I’m on a journey through the murky lairs of model-based learning. I explored model-based control methods, mainly MPCs over the weekend and I have since tried to implement a paper by Yuval Tassa, Tom Erez and Emanuel Todorov on Synthesis and Stabilization of Complex Behaviors through Online Trajectory Optimization. In this work, they used MPC with iLQR as its optimizer to get complex humanoids to perform short horizon tasks such as standing up and recovering its posture in the face of external perturbations.
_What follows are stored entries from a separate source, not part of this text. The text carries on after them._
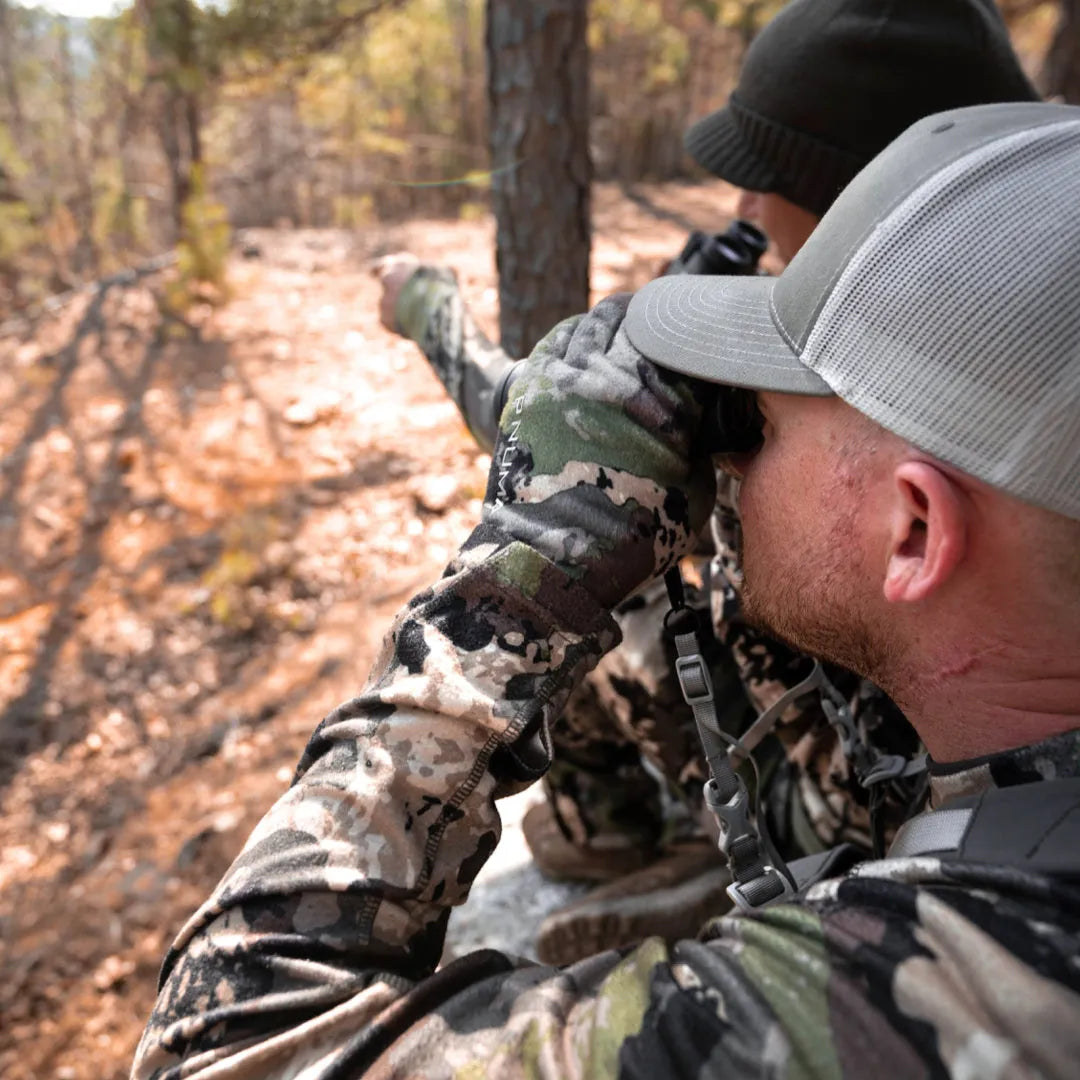 Guaranteed element proof performance in a mid-weight glove! This 4-way stretch Caza Camo glove features a waterproof yet breathable insert bonded to a water-resistant outer shell. A matte silicone printed palm provides grip and dexterity in the harshest conditions and, tech-touch panels on index fingertip and thumb, make sure you can stay warm, dry, and connected.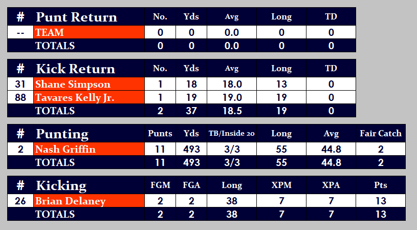 UVA Special Teams Stats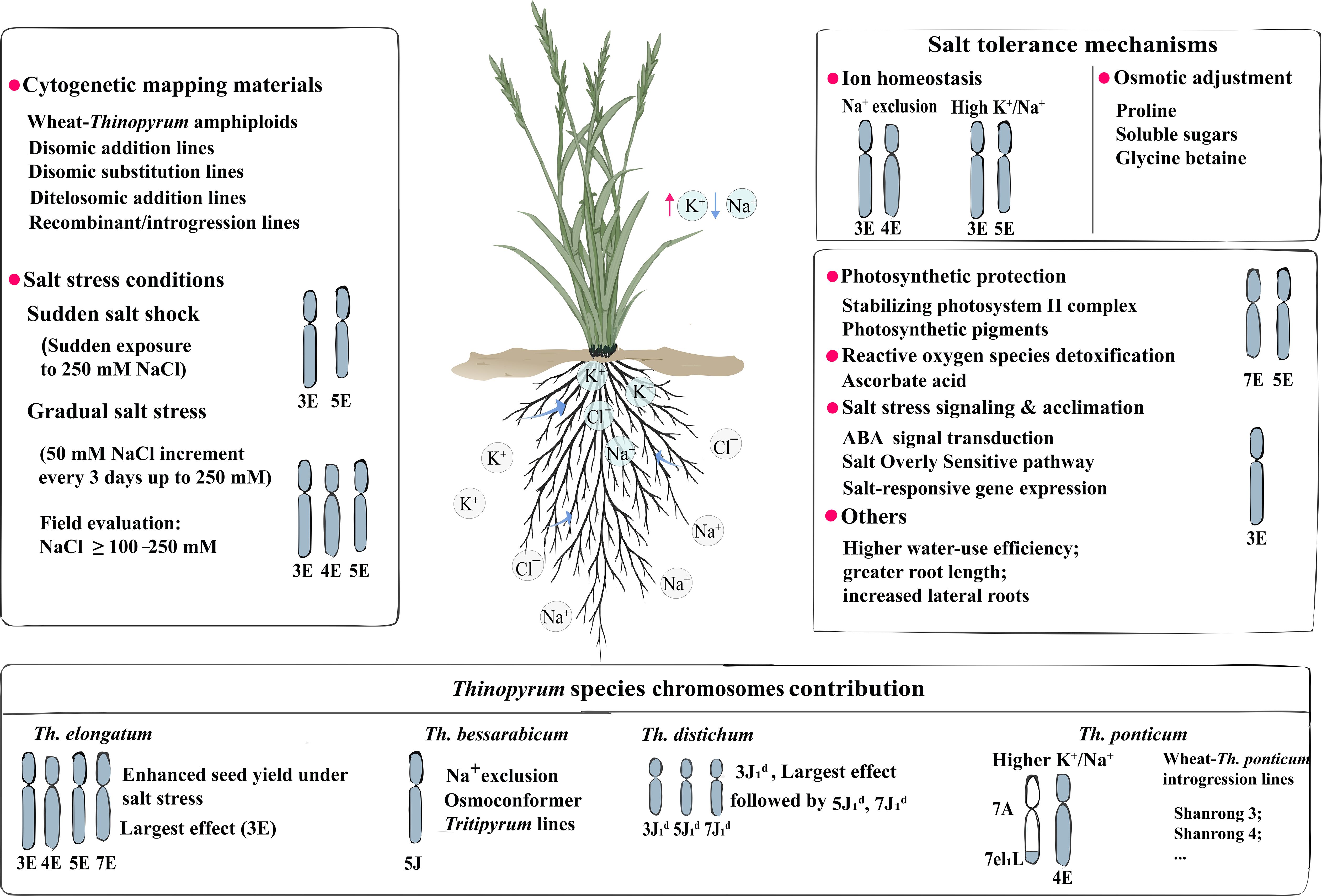 Figure 1. Mechanisms and chromosomes (segments) regulating salt tolerance in Thinopyrum species. The upper two boxes were principally summarized from Th. elongatum.

I hoped to implement this work, or at least look up an already existing implementation . To my chagrin, the implementations I found weren’t exactly beginner-friendly and would probably take a while to understand and reproduce. So I decided to take it slowly. One line at a time
I came across OpenAI’s python wrapper to Mujoco, Mujoco-py in my search and I found it pretty easy to use as most of the gory details seemed to have been abstracted away. So I decided to spend some time exploring its salient features before I try to implement MPC to control a humanoid in the environment. To start, I run a few of their examples and went through their corresponding python scripts. The example that seemed close enough to the joint control applications I was interested in was the Tosser example. I found the script for this example pretty easy to understand so I thought it wise to add in some comments about what each line’s purpose in the script was.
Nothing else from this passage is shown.